## Exercise data
|---|

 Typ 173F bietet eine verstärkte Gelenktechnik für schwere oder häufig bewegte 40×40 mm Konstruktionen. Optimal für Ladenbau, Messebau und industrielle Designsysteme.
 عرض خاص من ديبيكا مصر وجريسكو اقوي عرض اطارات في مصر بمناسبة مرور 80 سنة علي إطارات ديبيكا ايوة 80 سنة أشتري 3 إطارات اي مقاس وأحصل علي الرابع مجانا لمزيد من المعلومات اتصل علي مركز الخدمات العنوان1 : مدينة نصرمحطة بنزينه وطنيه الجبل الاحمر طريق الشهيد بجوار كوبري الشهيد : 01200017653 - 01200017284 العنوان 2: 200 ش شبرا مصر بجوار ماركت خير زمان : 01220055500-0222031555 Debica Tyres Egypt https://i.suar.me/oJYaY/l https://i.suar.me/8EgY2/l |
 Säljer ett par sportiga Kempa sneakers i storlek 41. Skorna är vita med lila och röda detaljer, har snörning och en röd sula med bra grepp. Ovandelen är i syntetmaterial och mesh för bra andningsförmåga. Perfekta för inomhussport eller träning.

|---|

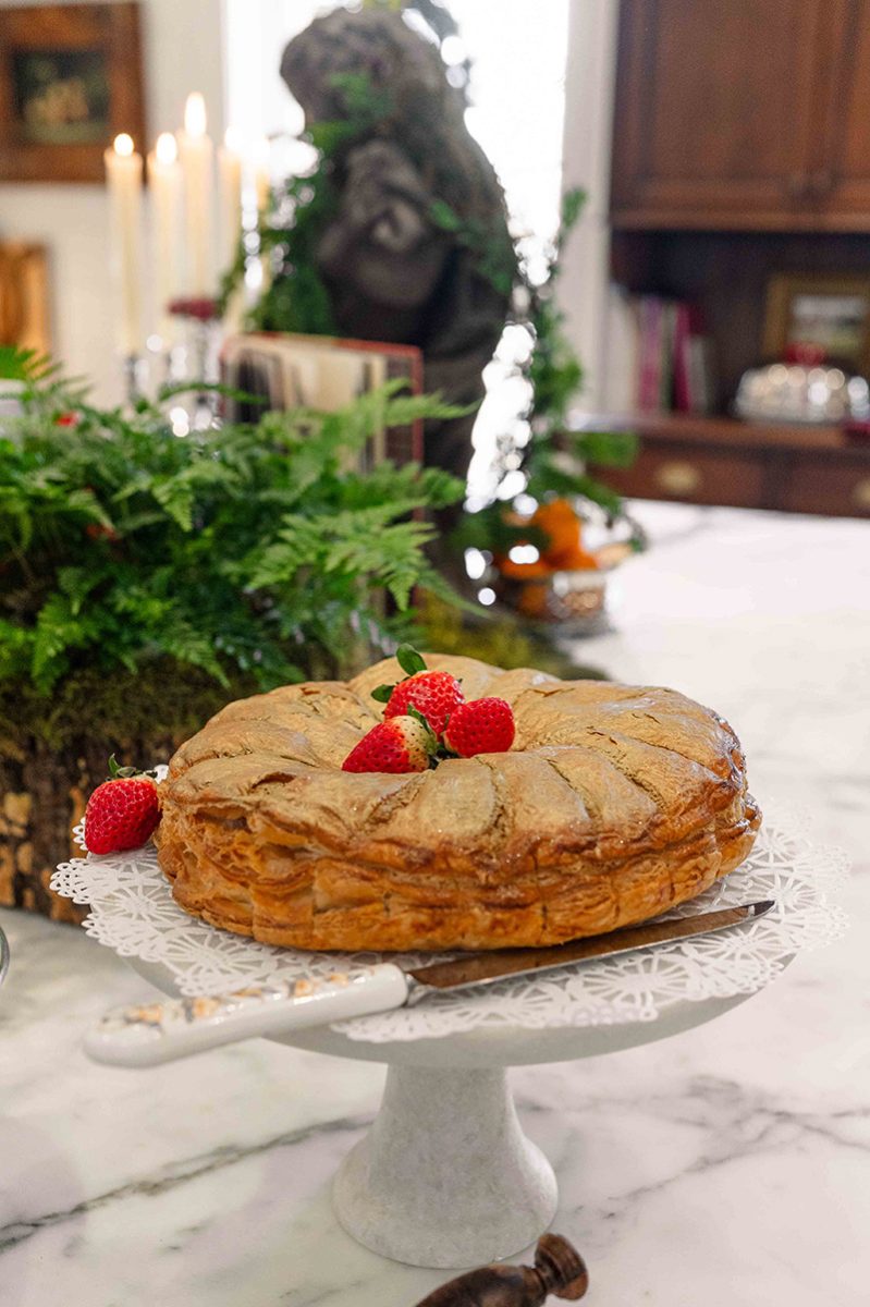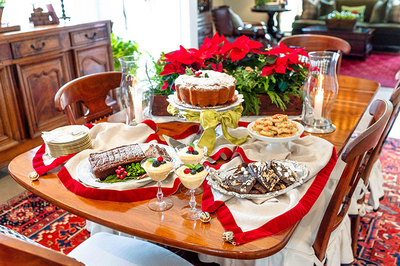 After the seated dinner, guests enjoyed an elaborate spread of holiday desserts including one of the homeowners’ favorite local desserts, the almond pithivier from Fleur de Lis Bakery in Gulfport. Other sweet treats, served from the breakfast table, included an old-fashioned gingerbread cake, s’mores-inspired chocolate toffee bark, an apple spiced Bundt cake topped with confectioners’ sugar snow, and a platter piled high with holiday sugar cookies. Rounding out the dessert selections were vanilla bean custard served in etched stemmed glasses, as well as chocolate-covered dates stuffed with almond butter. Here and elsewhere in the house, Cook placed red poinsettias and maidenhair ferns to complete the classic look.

|---|

Within the material above, output exactly the lines from the one with "عرض خاص من ديبيكا" through the one with "Säljer ett par", end lines included, and nothing besides.

 عرض خاص من ديبيكا مصر وجريسكو اقوي عرض اطارات في مصر بمناسبة مرور 80 سنة علي إطارات ديبيكا ايوة 80 سنة أشتري 3 إطارات اي مقاس وأحصل علي الرابع مجانا لمزيد من المعلومات اتصل علي مركز الخدمات العنوان1 : مدينة نصرمحطة بنزينه وطنيه الجبل الاحمر طريق الشهيد بجوار كوبري الشهيد : 01200017653 - 01200017284 العنوان 2: 200 ش شبرا مصر بجوار ماركت خير زمان : 01220055500-0222031555 Debica Tyres Egypt https://i.suar.me/oJYaY/l https://i.suar.me/8EgY2/l |
 Säljer ett par sportiga Kempa sneakers i storlek 41. Skorna är vita med lila och röda detaljer, har snörning och en röd sula med bra grepp. Ovandelen är i syntetmaterial och mesh för bra andningsförmåga. Perfekta för inomhussport eller träning.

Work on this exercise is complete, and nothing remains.